*** Begin section ***
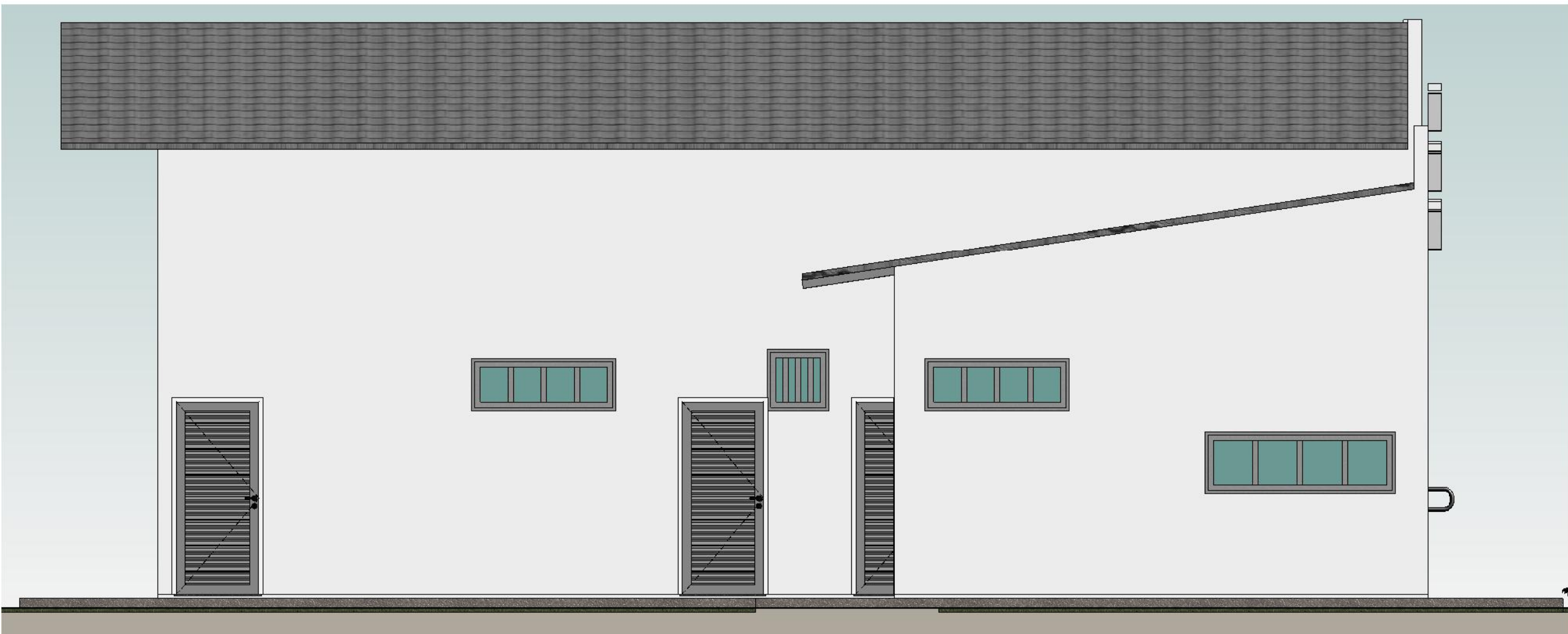
4 ELEVÇÃO ESQUERDA 1 : 50
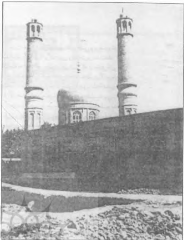
امامزاده احمد خوانسار

همت استاد بزرگ، علامه وحید بهبهانی و به همیاری و تلاش فراوان افرادی مانند محققان خوانساری، موج اخباریگری آرام گشته و عقل و منطق در خدمت اخبار و آیات قرآن کریم دانش دین را توانمند نمود.
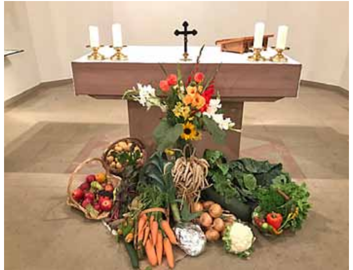
Erntedankaltar in der Filialkirche St. Maria, Asbach

Am letzten Wochenende haben wir in allen Kirchen das Erntedankfest gefeiert. Mit viel Sorgfalt und Liebe wurden die Erntedankfestgebäude gebaut. Das Bild zeigt jenen in der Filialkirche St. Maria. Auf unserer Homepage sind weitere zu sehen.
*** End section ***
§ **Aim of the task**
Give the records above again verbatim, pictures omitted.

§ **Your solution**
4 ELEVÇÃO ESQUERDA 1 : 50
امامزاده احمد خوانسار

همت استاد بزرگ، علامه وحید بهبهانی و به همیاری و تلاش فراوان افرادی مانند محققان خوانساری، موج اخباریگری آرام گشته و عقل و منطق در خدمت اخبار و آیات قرآن کریم دانش دین را توانمند نمود.
Erntedankaltar in der Filialkirche St. Maria, Asbach

Am letzten Wochenende haben wir in allen Kirchen das Erntedankfest gefeiert. Mit viel Sorgfalt und Liebe wurden die Erntedankfestgebäude gebaut. Das Bild zeigt jenen in der Filialkirche St. Maria. Auf unserer Homepage sind weitere zu sehen.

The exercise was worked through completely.